▸ **WHAT IS EXPECTED**: Look below for the line with "50 Antiqued Tibetan" and the line with "Front is a sketch"; repeat exactly those two lines and all lines between them, but no pictures.

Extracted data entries
########

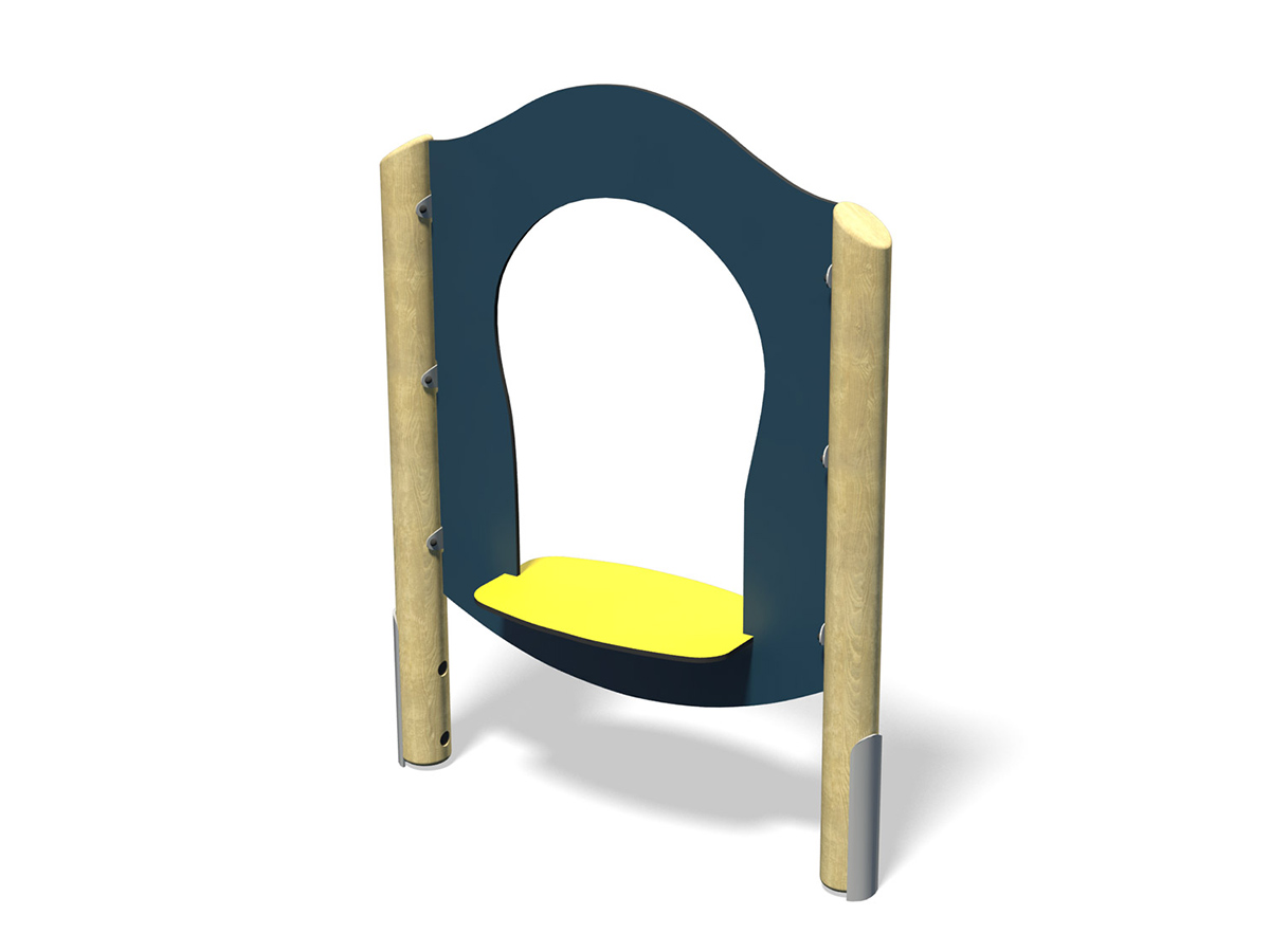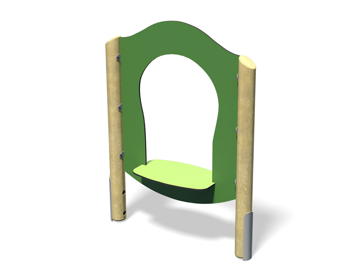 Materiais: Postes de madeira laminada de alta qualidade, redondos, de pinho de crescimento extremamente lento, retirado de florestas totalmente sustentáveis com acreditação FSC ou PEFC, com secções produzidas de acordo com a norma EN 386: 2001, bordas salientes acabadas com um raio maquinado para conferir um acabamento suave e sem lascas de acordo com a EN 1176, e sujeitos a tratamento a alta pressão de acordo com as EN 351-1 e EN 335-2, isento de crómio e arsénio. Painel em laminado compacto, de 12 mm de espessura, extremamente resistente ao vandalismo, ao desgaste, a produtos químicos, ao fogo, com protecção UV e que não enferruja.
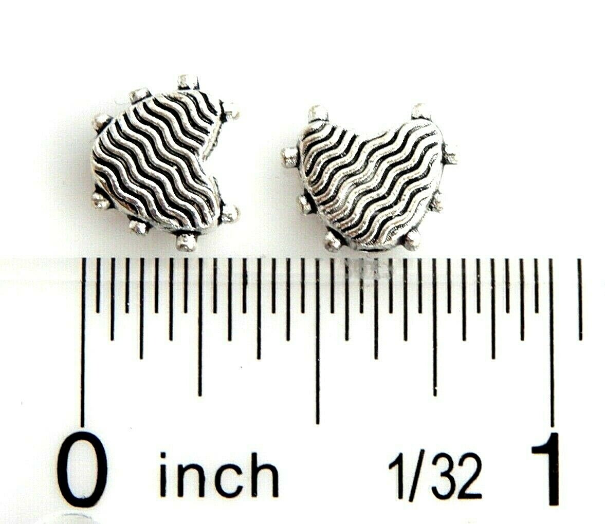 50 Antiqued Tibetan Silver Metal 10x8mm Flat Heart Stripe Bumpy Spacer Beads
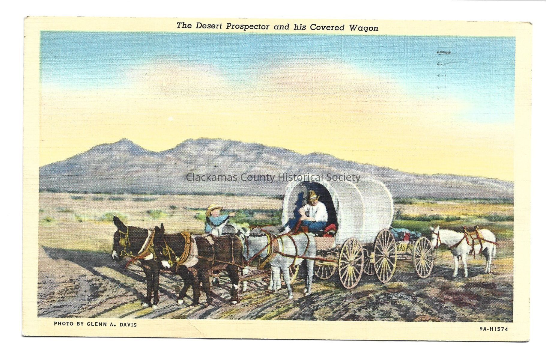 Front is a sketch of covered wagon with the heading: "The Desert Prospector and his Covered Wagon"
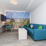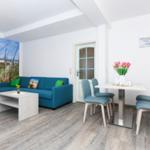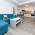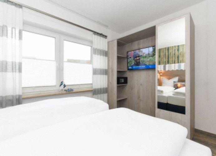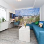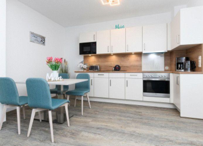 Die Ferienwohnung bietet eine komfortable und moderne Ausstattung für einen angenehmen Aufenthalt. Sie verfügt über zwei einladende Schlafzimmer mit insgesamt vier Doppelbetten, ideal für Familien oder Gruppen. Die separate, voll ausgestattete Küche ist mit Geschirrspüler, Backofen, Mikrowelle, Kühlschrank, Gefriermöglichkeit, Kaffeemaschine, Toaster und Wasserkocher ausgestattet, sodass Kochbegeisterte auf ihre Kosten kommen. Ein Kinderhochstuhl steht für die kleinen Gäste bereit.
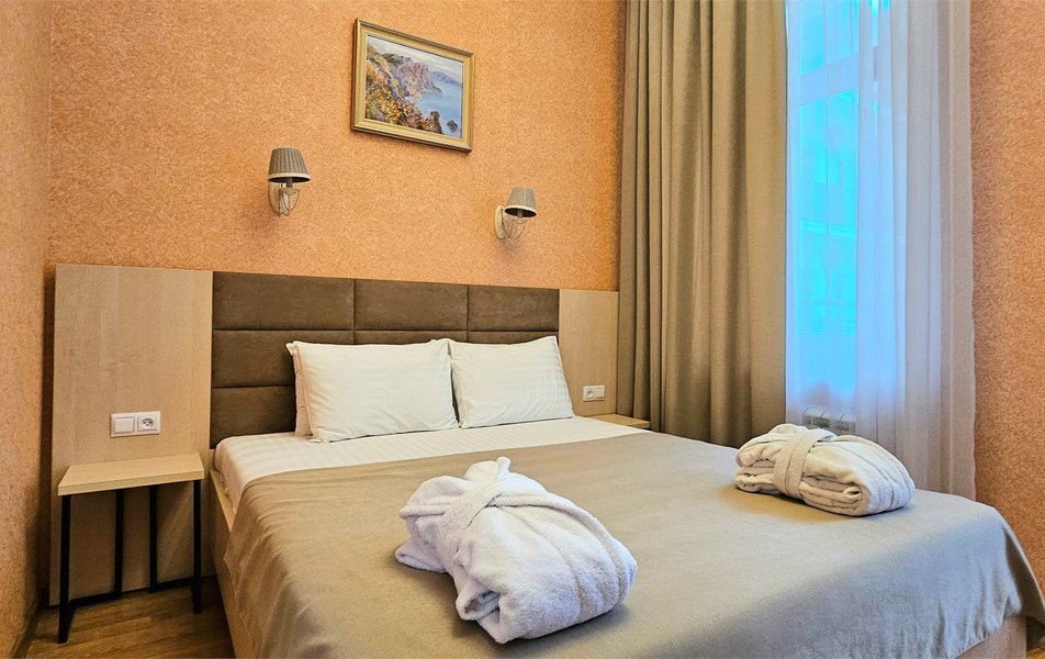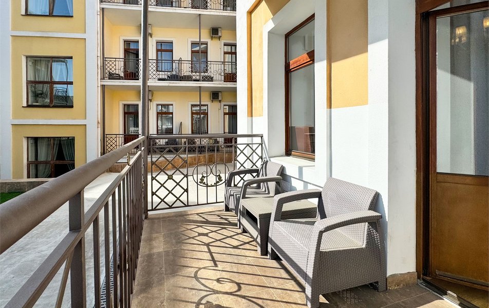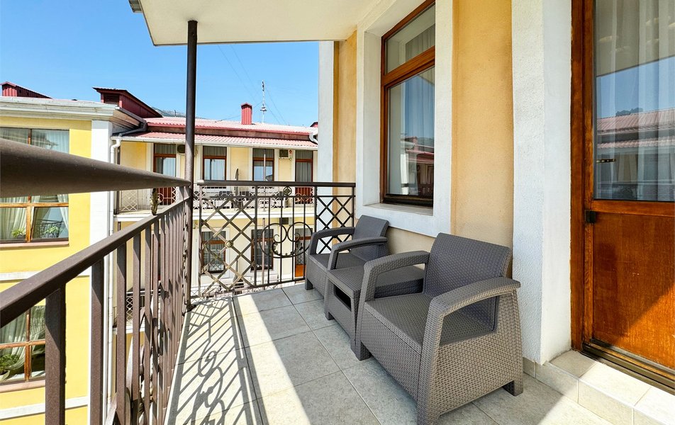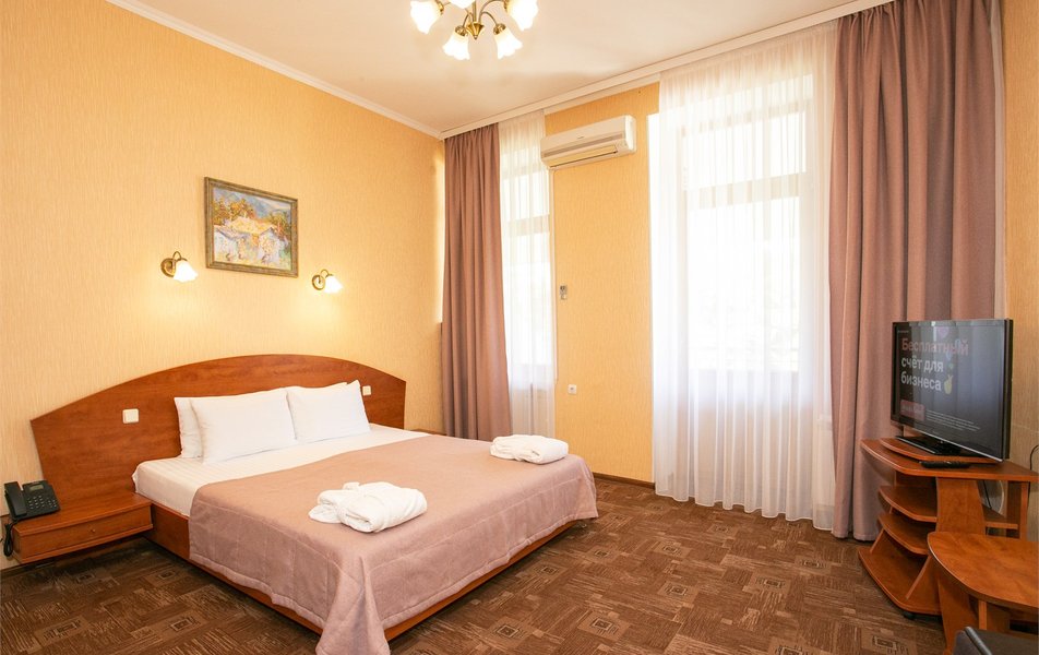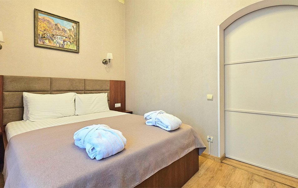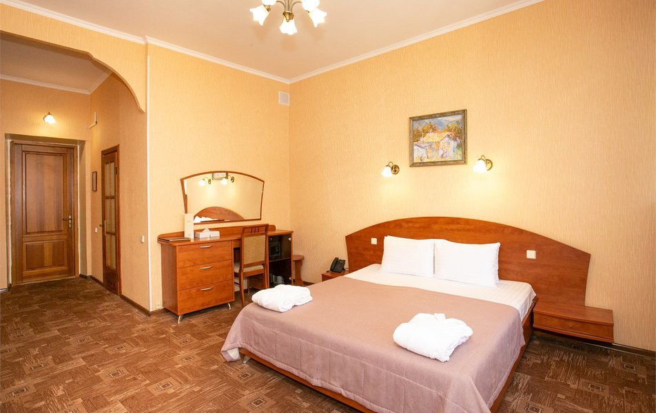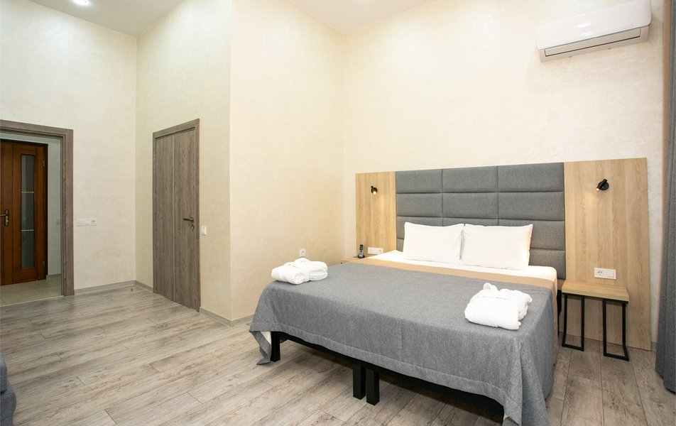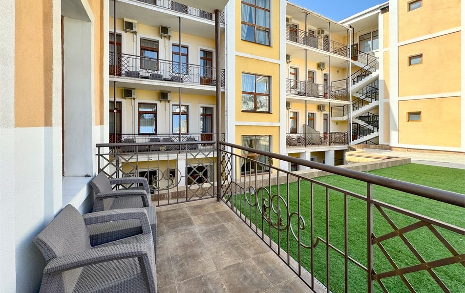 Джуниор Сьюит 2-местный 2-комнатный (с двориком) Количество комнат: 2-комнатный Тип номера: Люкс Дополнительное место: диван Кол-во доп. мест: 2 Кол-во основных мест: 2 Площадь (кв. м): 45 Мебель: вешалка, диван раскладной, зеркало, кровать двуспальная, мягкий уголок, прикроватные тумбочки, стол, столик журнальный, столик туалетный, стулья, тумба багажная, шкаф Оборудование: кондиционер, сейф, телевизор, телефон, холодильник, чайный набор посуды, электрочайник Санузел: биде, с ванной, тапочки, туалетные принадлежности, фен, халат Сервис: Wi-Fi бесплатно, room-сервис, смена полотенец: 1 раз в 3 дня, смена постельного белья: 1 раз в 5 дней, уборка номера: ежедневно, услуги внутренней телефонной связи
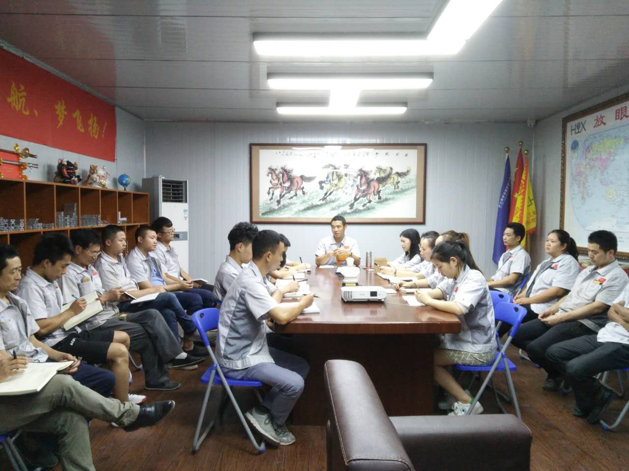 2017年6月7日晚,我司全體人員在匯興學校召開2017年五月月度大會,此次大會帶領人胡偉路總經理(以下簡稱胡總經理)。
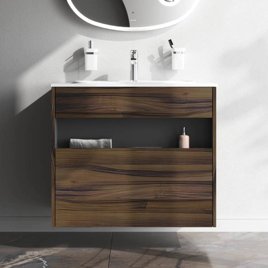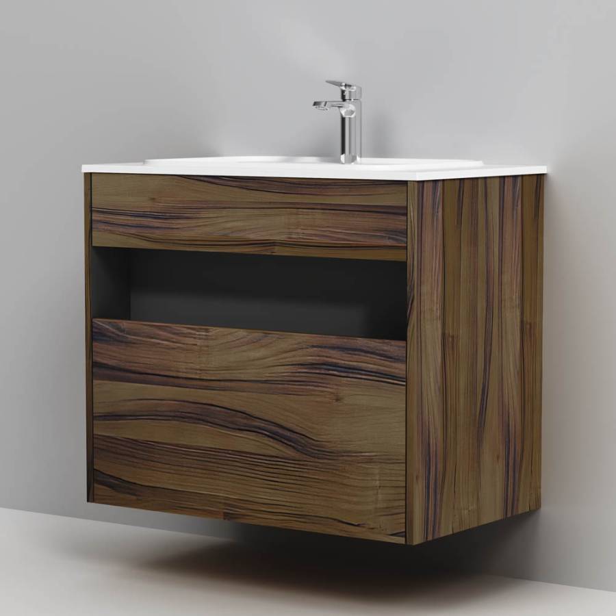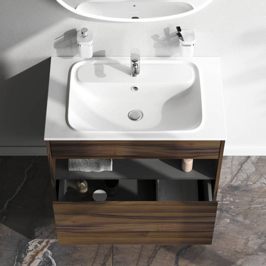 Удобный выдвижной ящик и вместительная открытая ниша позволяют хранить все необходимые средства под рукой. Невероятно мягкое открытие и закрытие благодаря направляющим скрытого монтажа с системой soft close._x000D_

########

▸ **FINAL ANSWER**:
 50 Antiqued Tibetan Silver Metal 10x8mm Flat Heart Stripe Bumpy Spacer Beads
 Front is a sketch of covered wagon with the heading: "The Desert Prospector and his Covered Wagon"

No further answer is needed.